In most areas of life putting in more effort means achieving a better outcome.
The harder and more consistently you exercise, the fitter you get. The more hours you put in studying, the better your grades.
Of course there are a few, very unusual areas where the opposite rule holds. Aldous Huxley’s called this “The Law of Reversed Effort”: the harder you try, the worse you do. Think of quicksand and finger-cuffs, where success is defined by gentle, slow movements.
Knowing that these areas are different, and taking advantage of (rather than fighting) it is one of the smartest, and hardest, things to do.
Saving and Investing are two of those areas.
Imagine two people both trying to save money on a monthly income. Addison has an auto-transfer for $1,000 set up the day after they get paid, and simply lives on the remaining amount in their checking account. Casey aims to save the same $1,000, but only if it’s left over in their checking account at the end of the month. Casey has to exert willpower the entire month to not spend easily available money - much more work. It’s very unlikely Casey will save more than Addison.
In general, the more your savings plan requires a lot of self control, the less successful it will be.
Richard Thaler won the Nobel Prize in Economics (in part) for his work on retirement saving, including the Save More Tomorrow 401(k) plan. In effect, the plan makes it effortless to save. If you make zero active choices, and don’t deviate from the defaults, you’ll be saving into your 401(k) at appropriate at growing levels.
There are now (almost) effortless saving options outside 401(k)s too. Betterment offers the Smart Deposit service, which sweeps excess cash into your investment account. Digit doesn’t ask you how much you want to save: it figures out amounts through the course of the month which it thinks you can afford, and takes them out automatically.
Each of these make it effortless to save, but you do have to choose to use them.

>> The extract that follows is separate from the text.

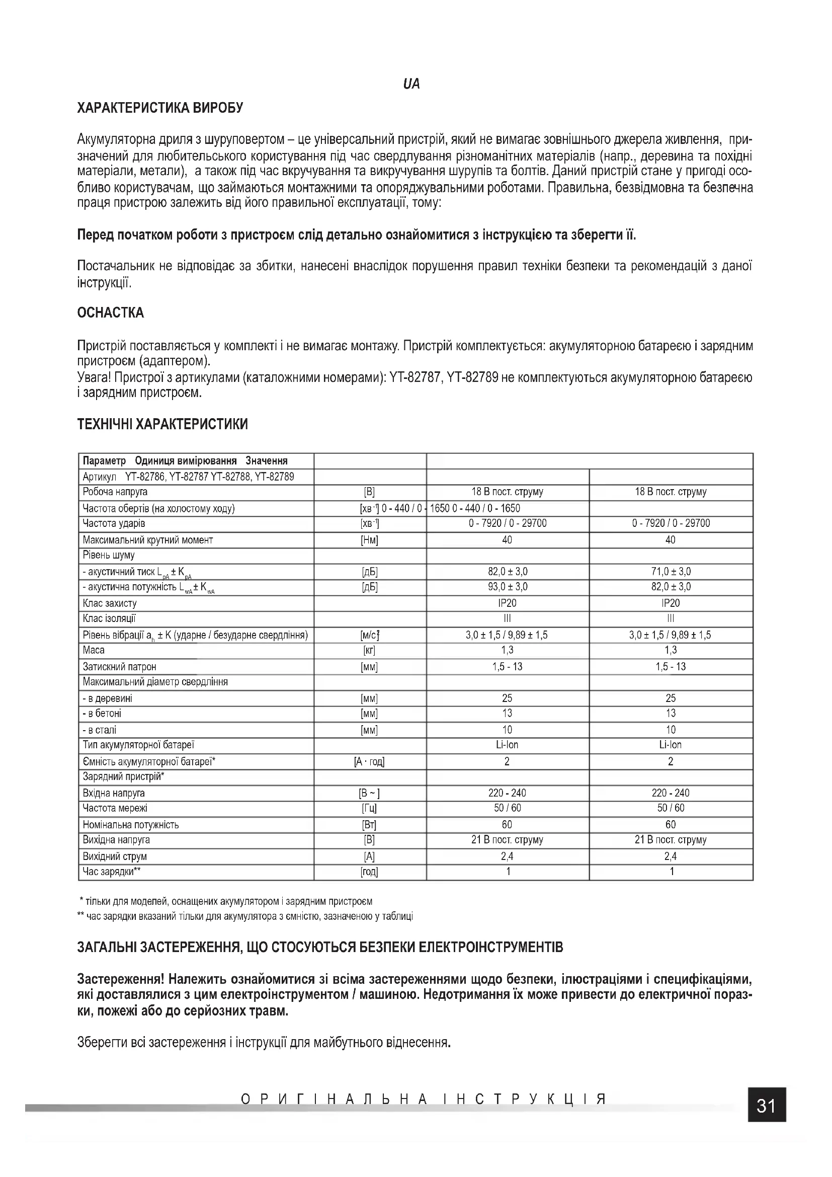 ПОСІБНИК КОРИСТУВАЧА YT82789 Yato

The Law of Reversed Effort holds in investing too. Evidence tends to show that the more effort investors put into improving returns, the worse performance they have.

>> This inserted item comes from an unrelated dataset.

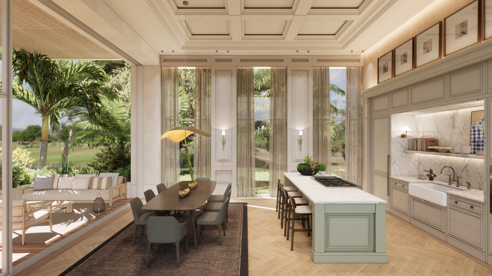 Material choices reflect timeless sophistication and understated luxury. Travertine, Coralina stone, natural wood, and hurricane-resistant aluminum create a sense of durability and elegance. Interior finishes emphasize texture, quality, and harmony with Cap Cana's climate, reinforcing a refined and enduring architectural identity.

Barber and Odean found that the average investor underperformed by 1.5% per year which is pretty bad. But when they looked at the most active accounts, they found that those investors underperformed by …. 6.5% per year!
Using a different dataset, different researchers found that 91% of brokerage investors underperformed a passive approach, and underperformed by 8.5% per year. About 1% along in tax and transaction costs, which you only incur when you trade.
This applies to professionally managed strategies. Newfound Research call it the Frustrating Law of Active Management. When a strategy has all the comforting evidence in it’s favor- recent outperformance, size, reputation, recognizability - it has the least likelihood of outperforming in the future. If you want outperformance, and you use historical performance to make your decisions (aka performance chasing), odds are very high you’ll underperform.
There is a story that Fidelity found the best predictor of brokerage performance success to be people who never logged it. While it might be apocryphal (and I’d expect them to disavow any such finding even if it were true), it rings so true it has a life of it’s own.
So, this might sound very strange, but one of the best ways to outperform the average investor, is to not try to outperform the average investor.
Imagine if you found a job that paid you a 25% bonus every day you didn’t come into work. How many days would you come into work?
Respecting the Law of Reversed Effort is one of the smartest things you can do. It will improve your outcomes in areas where it applies, and other areas too! The more effort you don’t spend in saving and investing, the more you can spend in arenas where effort and outcome are correlated.